**Input data:**
*** Block opens ***
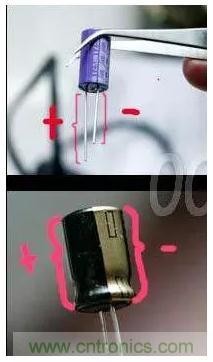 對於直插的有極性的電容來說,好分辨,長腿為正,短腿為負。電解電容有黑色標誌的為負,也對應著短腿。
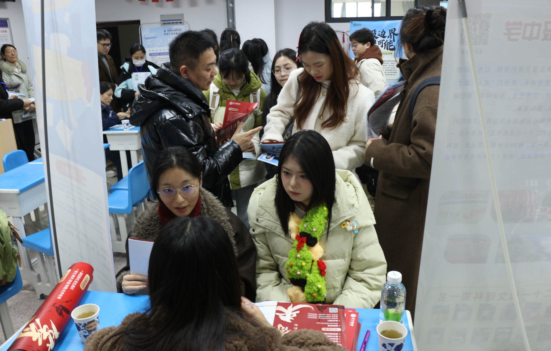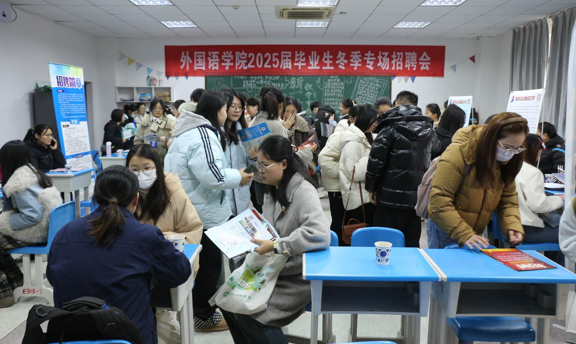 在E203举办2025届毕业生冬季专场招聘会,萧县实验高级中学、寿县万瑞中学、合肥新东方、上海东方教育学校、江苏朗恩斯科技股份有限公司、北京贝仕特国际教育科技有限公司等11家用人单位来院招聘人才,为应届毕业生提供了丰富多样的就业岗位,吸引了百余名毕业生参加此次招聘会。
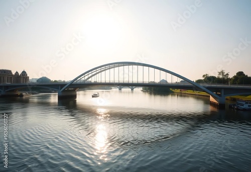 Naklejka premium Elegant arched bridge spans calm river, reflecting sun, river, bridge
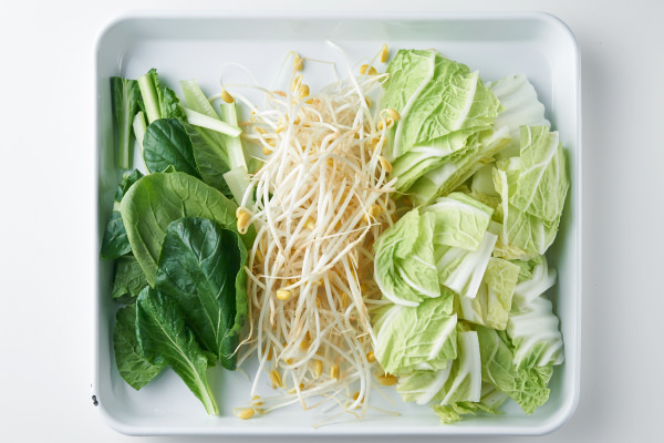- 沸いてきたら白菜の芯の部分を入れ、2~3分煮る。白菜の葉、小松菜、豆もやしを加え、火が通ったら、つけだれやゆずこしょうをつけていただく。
*** Block closes ***
Everything from the line holding "Naklejka premium Elegant" through the last line of the listing should be written out exactly, except for the pictures.

**Answer to the exercise:**
 Naklejka premium Elegant arched bridge spans calm river, reflecting sun, river, bridge
- 沸いてきたら白菜の芯の部分を入れ、2~3分煮る。白菜の葉、小松菜、豆もやしを加え、火が通ったら、つけだれやゆずこしょうをつけていただく。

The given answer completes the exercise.